We demonstrate graph analysis capabilities of big-memory machines by using PageRank [20] and undirected triangle counting—two key graph algorithms that are often used for benchmarking purposes. PageRank is an example of an iterative message-passing-like computation. We measured the runtime of 10 iterations. Triangle counting is directly related to relational joins, one of the central problems in database systems [19]. We ran each experiment 5 times, and report the average runtimes. Table 3 shows the results. It is worth comparing the performance of Ringo to the recently published results on the Twitter2010 graph.

Table 3.

Performance of parallel graph algorithms for PageRank and Triangle Counting on a single big-memory machine with 80 cores. For PageRank, ten iterations were timed

Operation LiveJournal Twitter2010
PageRank 2.76s 60.5s
Triangle Counting 6.13s 263.6s

For triangle counting, a recently published method [13] took 469s using 1 machine with 6 cores and SSD based secondary storage, while a different, distributed approach took 564s on a cluster of 200 processors [6]. Ringo takes 263s on 1 machine with 80 hyperthreads. The implementation of the algorithm in Ringo was simple, using a straightforward approach, similar to [6] and parallelizing the execution with a few OpenMP statements.
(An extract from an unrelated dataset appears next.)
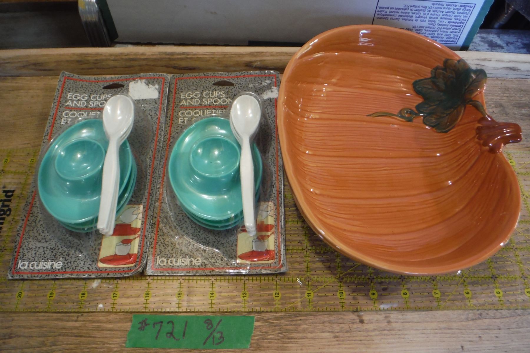 Vintage teal egg cups w/ spoon's NOS & pumpkin bowl.

PowerGraph [8] is one of the highest performing graph processing systems. Using 64 machines with 512 cores, PowerGraph took 3.6s per iteration of the PageRank algorithm. On the other hand, Ringo takes around 6s per iteration, while using 6× fewer cores, only one machine and 13GB RAM. Similarly to the implementation of triangle counting, PageRank implementation in Ringo is based on a straightforward, sequential algorithm with a few OpenMP statements for parallel execution. Even though the purpose of Ringo is not to be the fastest graph engine, comparisons show the viability of big-memory machines for processing all-but-the-largest graphs.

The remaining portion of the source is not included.